Забрав добычу, прячусь в шалаш. Через полчаса дождя как не бывало. Небо совсем очистилось. На востоке загорелась заря. Один за другим дружно рассеялись на поляне чернофрачные пернатые «кавалеры». Словно по ступенькам лестницы на зубчатую стену леса выкатилось огромное багровое солнце. Тетерева вновь активно затоковали.
Сзади до меня донесся еле слышный скрип шагов. Косачи пугливо вытянули шеи. Как бы споткнулись в песне. Не допев, замолкли и на быстрых крыльях один за другим покинули токовище. Хруст льда усиливался и приближался. Высунув голову из шалаша, у кромки леса узнаю тощую и коренастую фигуры Ухвата и Рябого. Прихватив ружье и добычу, выбираюсь из шалаша. Поджидаю «хозяев» тока. Когда они подошли ко мне метров на двадцать, отчетливо различаю искаженные ненавистью лица. Слышу грубую брань.
-Эй, ты, сукин сын!...Какого черта здесь делаешь?...Зачем приперся? – в пьяном озлоблении набросились они на меня, сдабривая речь самыми гнусными ругательствами.
Ошарашенный таким коварством не могу слова сказать. Все это мне чудится каким-то кошмарным сном. Не могу понять: как так? Вчера обещали одно, а за ночь все изменили?”
- Я же купил вино…Вы согласились…, пустили один раз, - пытаюсь напомнить и образумить их. Хотя от волнения с трудом нахожу нужные слова.
- Врешь, сволочь! Ничего ты не покупал! – вытаращив мутные бессмысленные глаза, истошно заорал Ухват и сильным рывком выхватил ружье из моих рук.
- Верни! Отдай! – кричу ему в сердцах.
В яростном ослеплении Ухват с размаха бьет ружьем по стволу ближайшей сосенки. Переломившись в шейке, приклад отлетает в сторону. В руках его остается ствол с казенником.
От возмущения не соображу, что делать.

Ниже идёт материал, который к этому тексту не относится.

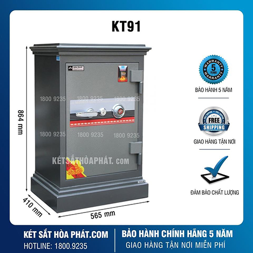 KT91 có kích thước Cao 864, rộng 565, sâu 410, mm là két sắt cỡ lớn với thể tích chứa rộng rãi, có 1 đợt cố định, 1 đợt di động và 1 ngăn kéo với chìa khóa riêng có thể lưu trữ nhiều tài sản, thiết bị có giá trị. 2 bản lề nổi, 8 chốt khóa chìm ăn sâu vào lòng két chắc chắn chống khoan cắt, đục phá hiệu quả. Toàn bộ két được thiết kế nguyên tấm với 3 lớp: 2 lớp thép dày được sơn tĩnh điện chống han gỉ bền bỉ với thời gian, ở giữa có hỗn hợp chống cháy, chịu nhiệt đạt chuẩn bảo vệ tốt nhất tài sản bên trong ngay cả khi có hỏa hoạn xảy ra.
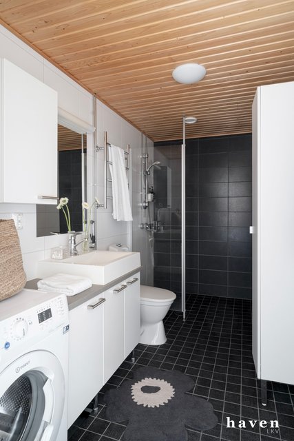- Tilava laatoitettu kylpyhuone lattialämmityksellä. Suihkuseinä, pyyhekuivain, seinä- ja allaskaapistot, pesukoneliitäntä ja oma tila pesutornille.
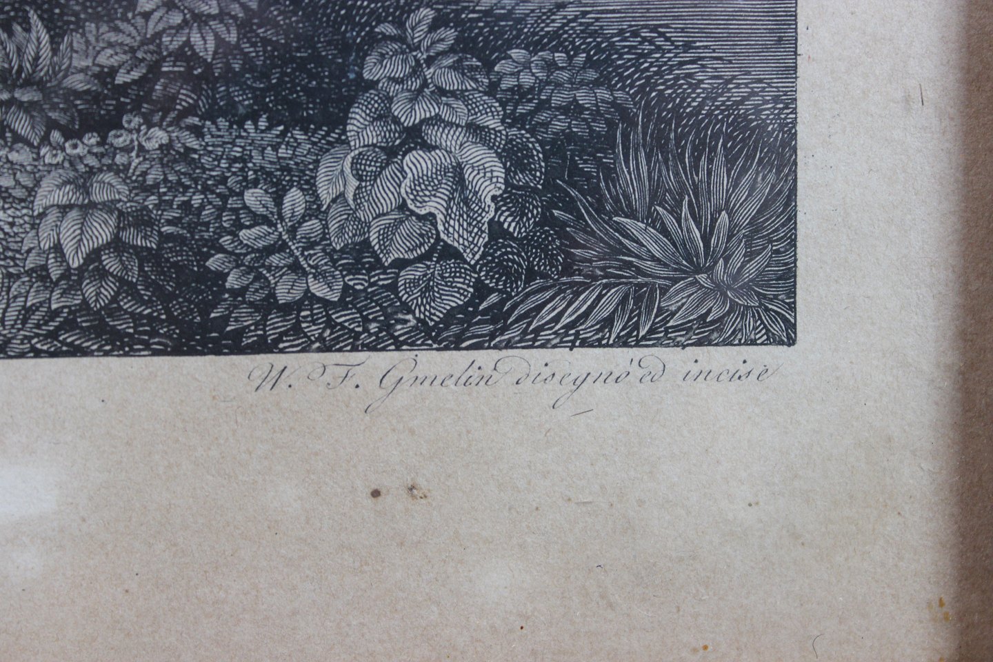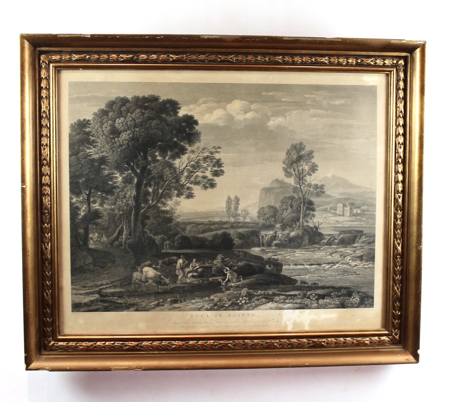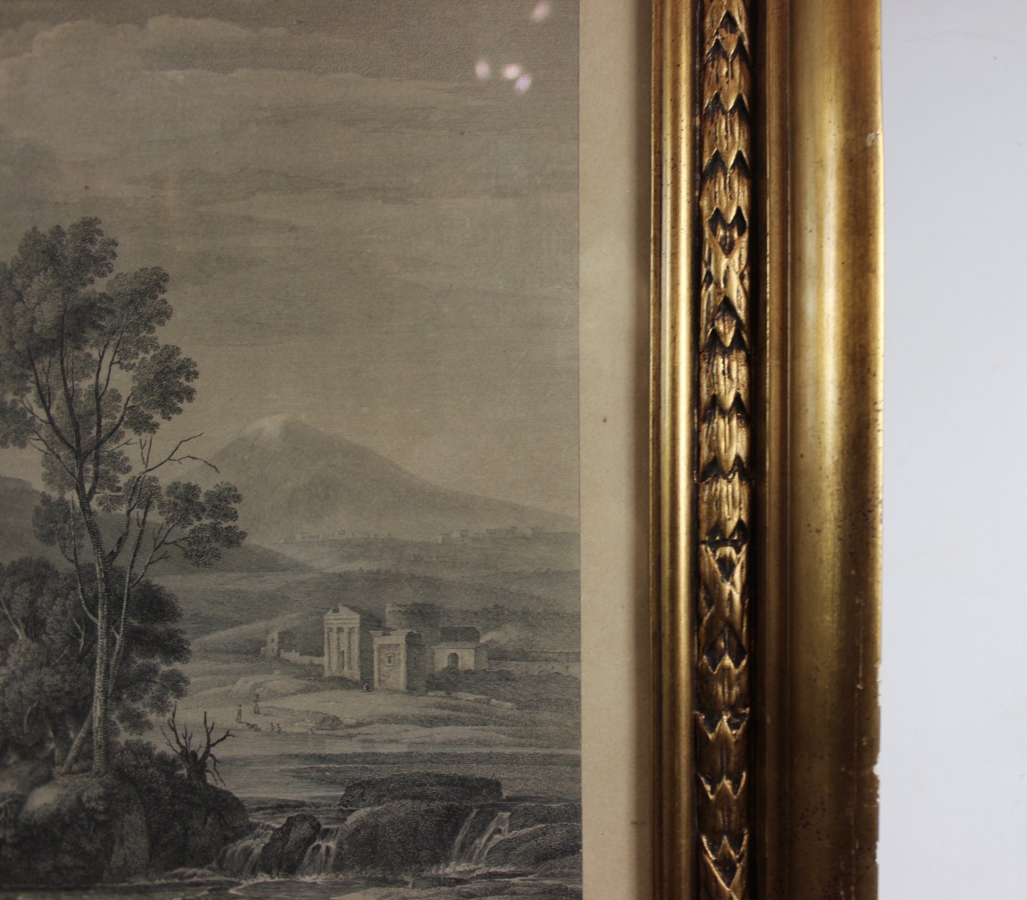 Copper engraving with nature landscape with gilded frame.

В это время Рябой стремительно подскакивает ко мне, сдергивает с поясного ремня тетерева и засовывает себе за пазуху.
В страшной злобе набрасываюсь на Рябого, валю на землю и вырываю свой дорогой трофей. В это мгновение чувствую тупой удар по голове. На выручку приятелю подоспел Ухват и двинул мне стволом. Из глаз посыпались искорки. Я потерял сознание. Не знаю, сколько времени находился без чувств. Очнулся лежащим на моховой кочке. С трудом поднимаюсь, голова гудит. Рядом валяется разбитая одностволка и пустой патронташ.
В негодовании придумываю всякие изощренные возмездия этим подлецам. К счастью, время – лучший бальзам, затягивает самые рваные душевные раны. Солнце находилось уже высоко, когда я, несколько успокоившись, обмыл в ручье запекшуюся кровь с лица и шеи. Заметно полегчало. Морально и физически униженный едва добрел до дома. Не хотелось говорить отцу о своих злоключениях.
- Как успехи, охотник? – были первые слова отца, когда я еще возился в полумраке сеней.
-Неудачно…Ничего не добыл, - грустно отвечаю.- Вдобавок переломил шейку.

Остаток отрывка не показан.